Session Information
Session Type: Poster Session A
Session Time: 10:30AM-12:30PM
Background/Purpose: Heart failure (HF) is an important, underdiagnosed comorbidity, with increased morbidity and mortality rates in rheumatoid arthritis (RA) patients. The risk of developing HF in RA patients is doubled compared to the general population. HF often goes unnoticed in a large proportion of RA patients because of similar early RA symptoms such as fatigue and a reduced exercise tolerance.
Cardiovascular magnetic resonance imaging (CMR) is the gold standard imaging modality for identifying subtle changes in cardiac volumes and function. Beyond left ventricle (LV) ejection fraction (LVEF) as a traditional manner to assess cardiac function, LV myocardial strain analysis has emerged as a novel quantitative method for characterizing myocardial contraction. Our study aimed to identify subclinical cardiac dysfunction in RA patients with no known prior history of cardiovascular disease.

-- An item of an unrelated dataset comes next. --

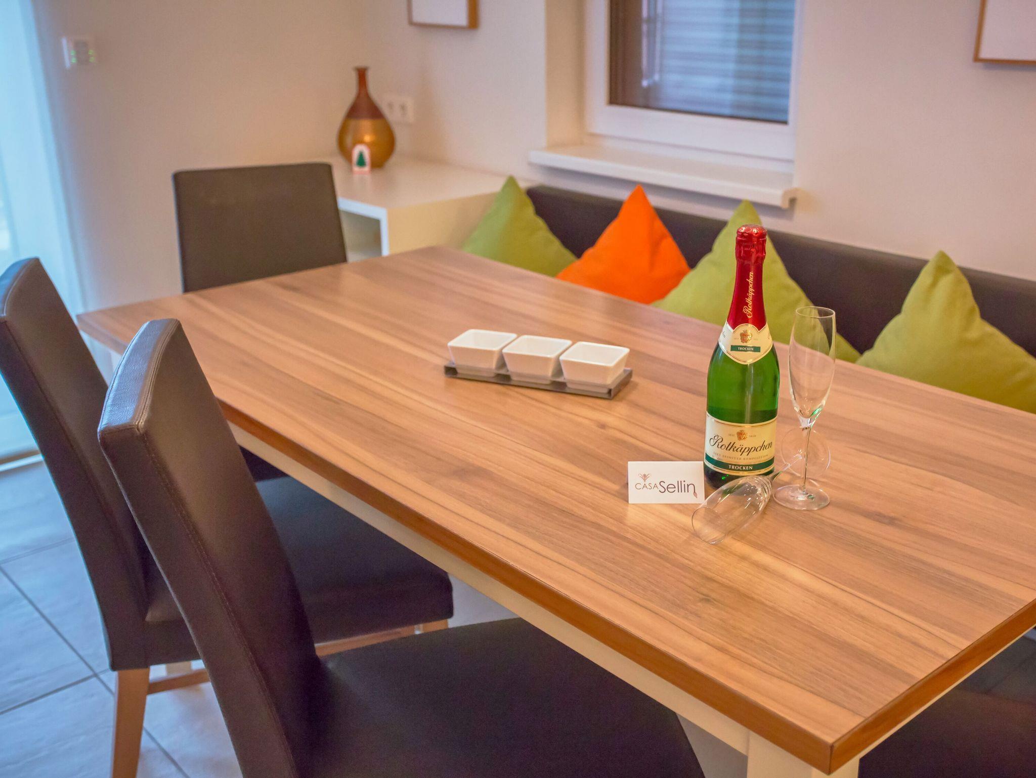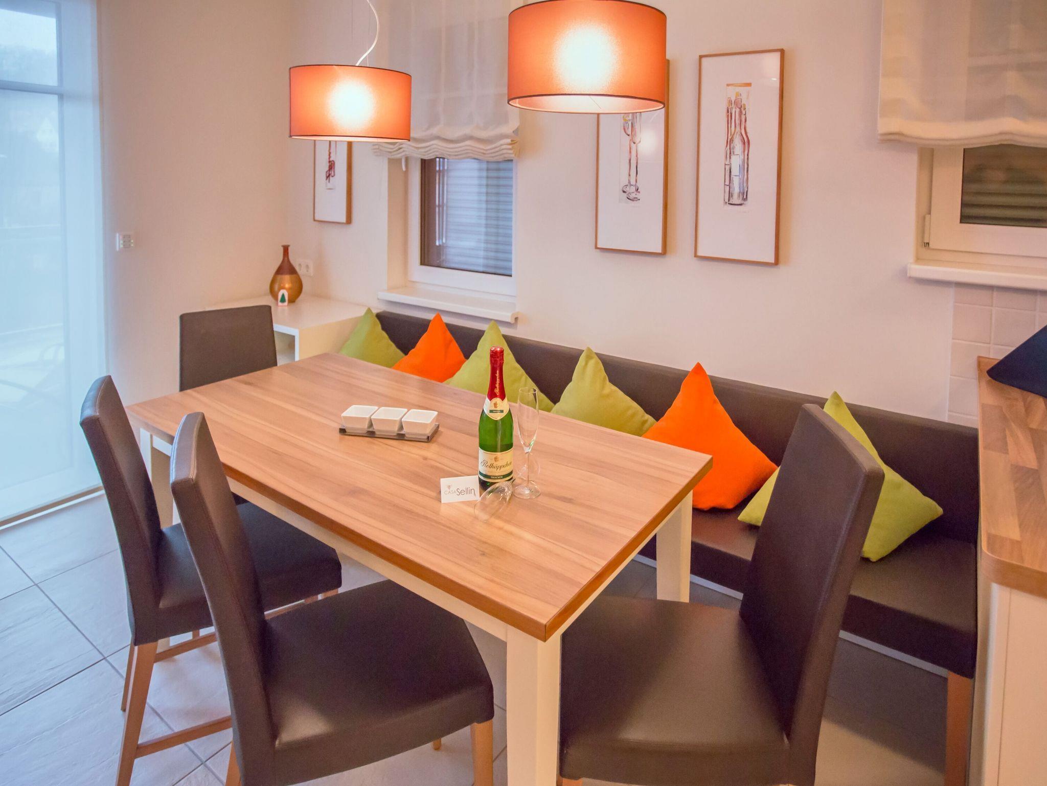 Diese ca. 70 m² große Haushälfte über zwei Ebenen mit geräumiger Hochterrasse (ca. 17 m²) zur Südseite verfügt im Erdgeschoss über einen Wohn- und Essbereich mit bequemer Sitzgruppe und einer Schlafcouch, welche als Aufbettung für zwei Personen genutzt werden kann. Somit ist eine Buchung auch mit 6 Personen für dieses Appartement möglich bzw. mit 12 Personen für das gesamte Haus.

Methods: RA patients without known cardiovascular disease or increased risk factors such as hypertension, diabetes mellitus or smoking and 20 healthy controls were included in this study. All subjects underwent an extensive CMR protocol, including cine imaging for biventricular strain analysis, T1 and T2 mapping, myocardial perfusion imaging, and late gadolinium enhancement (LGE) imaging.
Comparisons between the RA patients and healthy controls were done with independent sample T-tests for continuous variables, with values presented as mean + SD. Categorical variables are presented as counts (percentage).

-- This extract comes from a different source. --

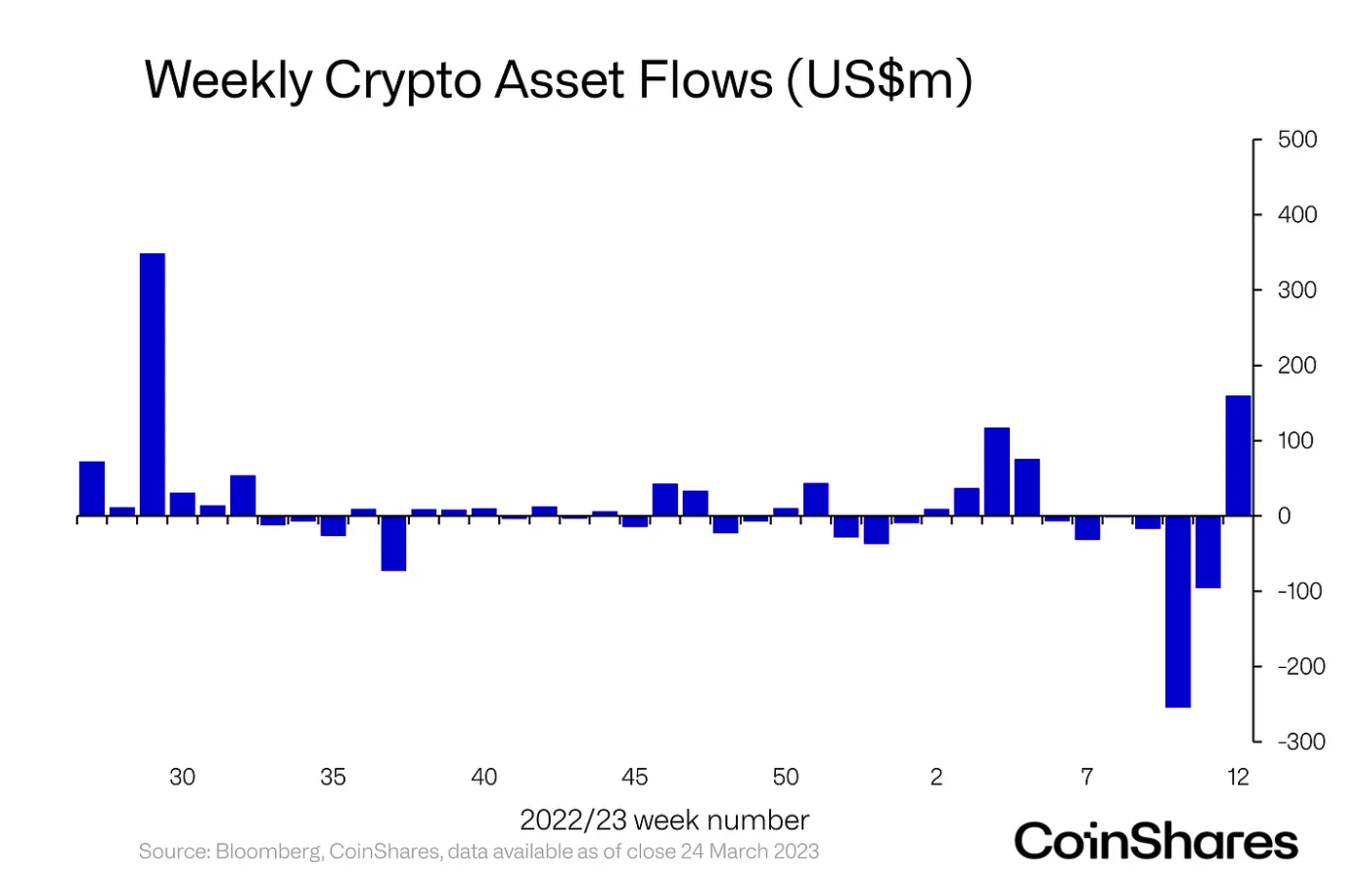 https://images.cointelegraph.com/images/840_aHR0cHM6Ly9zMy5jb2ludGVsZWdyYXBoLmNvbS91cGxvYWRzLzIwMjMtMDMvYjcwZTcwYzMtNDM2Zi00MDcyLWEzYmItYzkxNmQzYjQ3MTc5LmpwZw==.jpgAccording to CoinShares, crypto investment products experienced weekly inflows of $160 million, the largest since July 2022.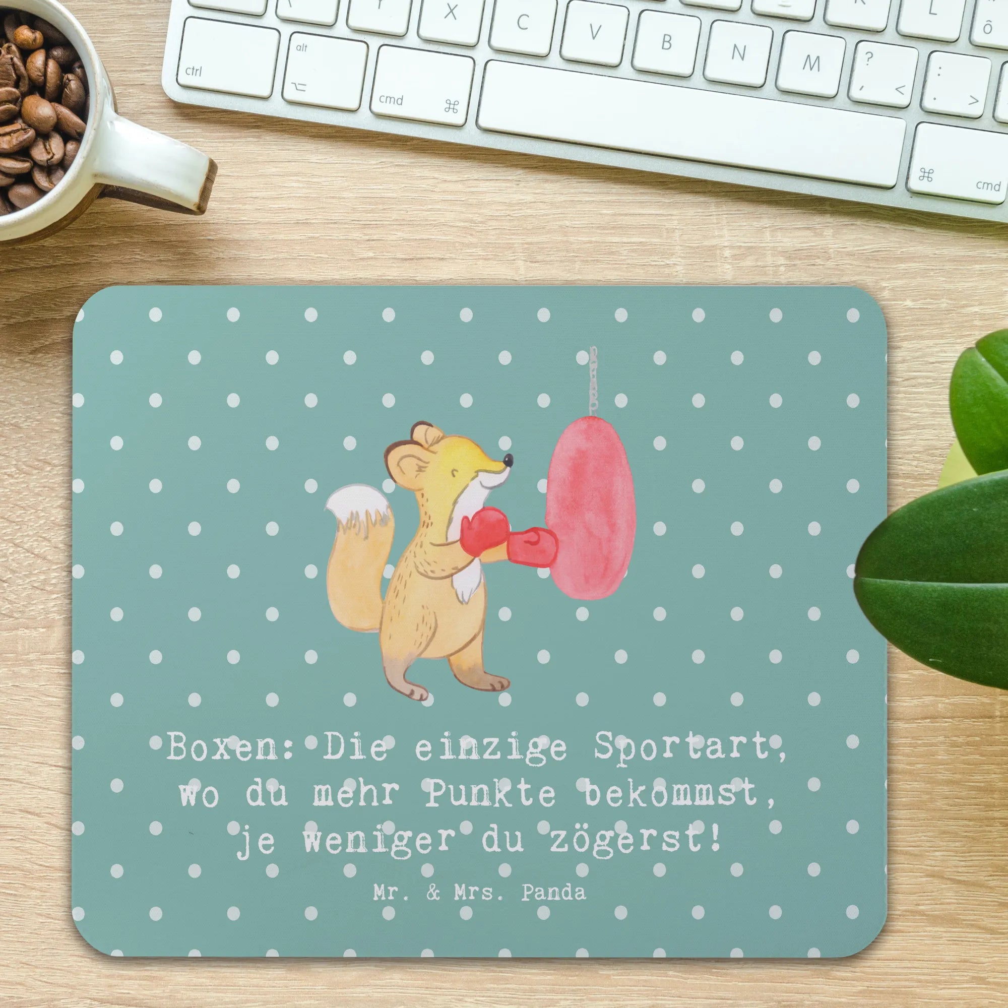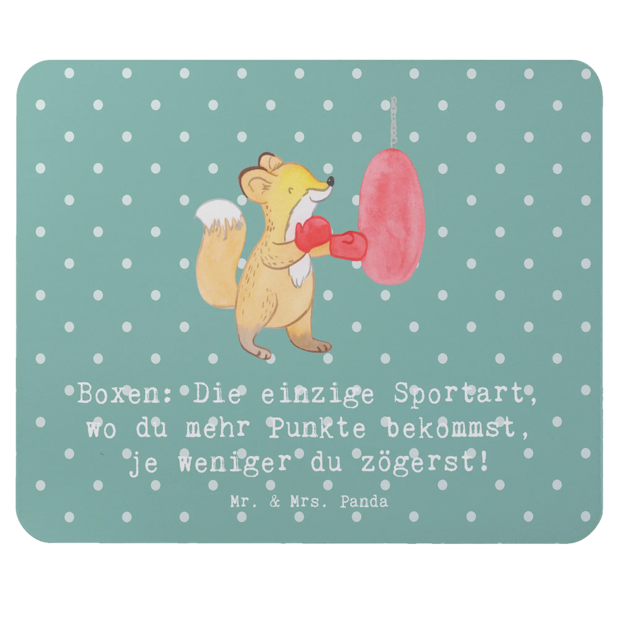 Das Mr. & Mrs. Panda Mauspad mit dem Motiv Boxen ist mehr als nur ein einfacher Unterlage für Deine Computermaus – es ist ein Ausdruck Deiner Leidenschaft für den Sport! Mit dem humorvollen Slogan "Boxen: Die einzige Sportart, wo du mehr Punkte bekommst, je weniger du zögerst!" bringt dieses Mauspad frischen Wind in Dein Homeoffice oder Büro und sorgt für gute Laune während der Arbeit.

Results: Both LV global longitudinal strain (GLS), and LV global radial strain (GRS) were significantly reduced in RA patients as compared to healthy controls (p< 0.05 for both) (Table 1). RA patients also demonstrated a significant reduction in LVEF compared to healthy controls (60.1% in the RA patients compared to 65.7% in the healthy controls p< 0.001). T1 and T2 mapping were similar in both groups (1232 vs 1221 and 40.1 vs 40.7 respectively), No differences in myocardial perfusion imaging parameters were observed between the two groups. LGE identified fibrosis/scar was seen in 3 patients in the RA group, and not detected in the healthy volunteers.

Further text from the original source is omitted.